MANY papers looking at similar datasets have used z-score normalization (mean centered divided by standard deviation) but these counts datasets are far from normally distributed. I've heard of zero-inflated poisson models for count data but, even then, this data isn't poisson distributed.
Is there a method analogous to z-score normalization for skewed datasets with lots of low values? It wouldn't make sense to transform the data into units of standard deviation if the data isn't normally distributed.

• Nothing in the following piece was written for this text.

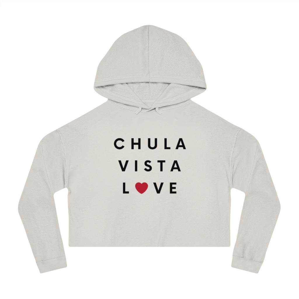 Chula Vista, the 2nd largest city in San Diego County, means "beautiful view". There is more to see and do in Chula VIsta than you can imagine! Miles of trails, coastline, and open space for outdoors enthusiasts. Shopping, dining, entertainment, and a historic downtown district. There's so much to love about Chula Vista. So whether it's your hometown or chosen town, wear your Chula Vista Love cropped hoodie with pride.

Is the answer as simple as cutting the noise and the pushing all values in between a certain interval?
u = DF_data.iloc[0,:]
v = u.compress(lambda x:x >= 30)
w = np.log(v)
# Plot data
fig, ax = plt.subplots(figsize=(15,3), ncols=3)
u.plot(kind="kde", ax=ax[0])
v.plot(kind="kde", ax=ax[1])
w.plot(kind="kde", ax=ax[2])
# Plot mean
ax[0].axvline(x=u.mean(), linestyle="-", color="black", linewidth=1)
ax[1].axvline(x=v.mean(), linestyle="-", color="black", linewidth=1)
ax[2].axvline(x=w.mean(), linestyle="-", color="black", linewidth=1)
# Labels
ax[0].set_title("raw data (n=14,117 attributes)")
ax[1].set_title("raw data >= 30 counts (n=3,846 attributes)")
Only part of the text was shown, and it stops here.